On the meaning or purpose of the Equal Protection Clause, it is instructive to focus on *protection* primarily, with *equal* as an attribute of that protection. This approach takes one right to fundamentals, i.e., the founding principles of the country announced in the Declaration (and re-proclaimed in the Gettysurg Address). What ought the law (and thus the instruments of law-enforcement) *protect*? The life, liberty, and property of individual citizens (or "persons" practically subject to its power).

As we see in our own sorry times, government might and often does embark on numerous other actions (e.g., sending payments to individuals), in which it might *treat* persons unequally or draw class distinctions; myself, I'm still waiting on my farm subsidy and old-age pension. Such officially unequal treatment is invidious and politically debatable (if only it were debated! But that's another topic).

Yet such actions would not be an *urgently* fundamental crisis, as the denial of protection of life, liberty, and property would be. If government's neglect, or worse, active abuse, of individual rights were broad, pervasive, and consistent, it would be time for the people to change its form of government (see Declaration of Independence). If such neglect or abuse were directed at a particular class of persons in the body of citizens, then it's time to invoke the Fourteenth Amendment and demand that government instead protect *equally* - not merely guard the life, liberty, and property of *some* (typically, the politically influential).

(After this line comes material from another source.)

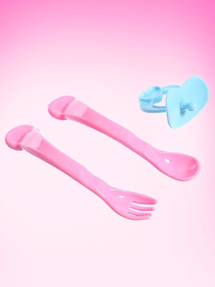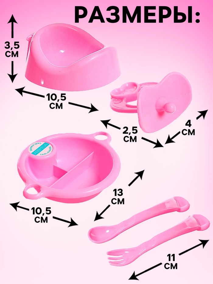 - В комплект входит комплект посуды (тарелка, вилка, ложка), горшок и соска.
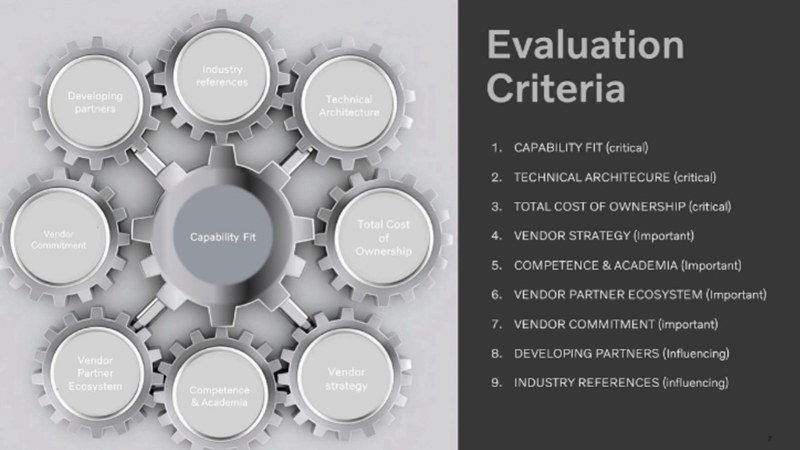 基準4=ベンダー戦略 :AI(人工知能)技術、未来の労働力、サステナビリティ(持続可能性)の3つの大きなトレンドに焦点を当て、ベンダーに直接、取り組みの全体戦略と方針説明を求めた

The historical record of the Fourteenth-Amendment framers shows that such protection and such equality was *precisely* was the amendment (and its precedents, such as the 1866 Civil Rights Act, and its sequels, such as the Enforcement Acts of 1870-71) was about.

Focusing on "protection" would clear the interpretive fog by returning us to founding principles that urgently need vindication, on a truly *equal* basis. This approach would also do good by opening up for political debate (and *legislative* -- not judicial -- resolution) policies about how the law should or should not treat us equally in ways other than protecting life, liberty, and property.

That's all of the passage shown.